In Holy Week, we must commit to praying for those who do not yet know that Christ died for them, or cannot bring themselves to believe it.


  1. Great post, Katie. I'm glad to see you speak out on a big issue that everyone seems to ignore. Our brothers and sisters are suffering terribly in the Muslim and Communist worlds. Yet people apologize for the former group and set up shop with the latter group. We need to save these poor people, but instead we enable their oppressors while sanctimoniously finding fault with afflicted.

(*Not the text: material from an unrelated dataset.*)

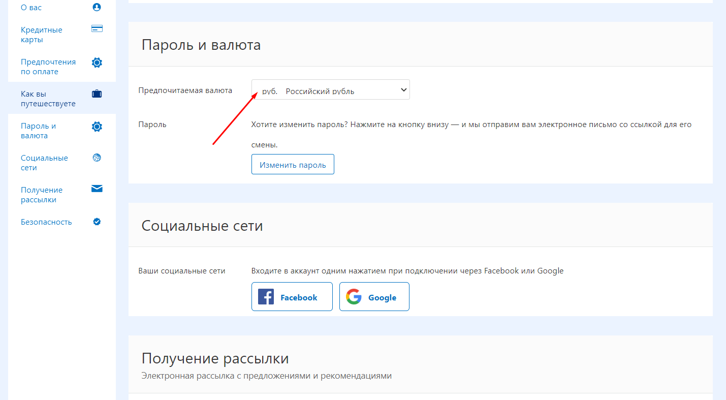 Смотреть цены на букинг можно в разных валютах. Например, в России мне удобно видеть стоимость номера в рублях, а в других странах в долларах или евро. Чтобы сменить валюту найдите сверху страницы значок валюты, как на картинке ниже, и выберите свой вариант.

    As for selling the churches and the Vatican, I think these critics fail to realize who these things actually belong to - Catholics all over the world. No one own the churches; they are open to all believers, especially the poor. The Church is a sanctuary away from the utilitarian ugliness of the world. It is the one place where the poor and needy family can experience something beautiful, clean, and godly. To whom should we sell it? Big business? Big government? Then where will the poor go to pray and worship? The tenements where they live--away from the rest of the world?

    Besides, the Vatican and other famous Catholic sites raise tons of money for the poor and bring loads of business to the surrounding communities. Who would even bother going to Rome without the churches, or Paris for that matter? I doubt anyone would feel drawn to the eyesore apartment blocks where the poor actually dwell. People who think it'd be smart to sell artwork and churches are simply ignorant and cowardly. They take cheap shots at the Catholic Church, who will take it kindly, and let the real villains destroy society.

  2. If the church ever sold its "riches", then the rich would get richer and the poor would get poorer.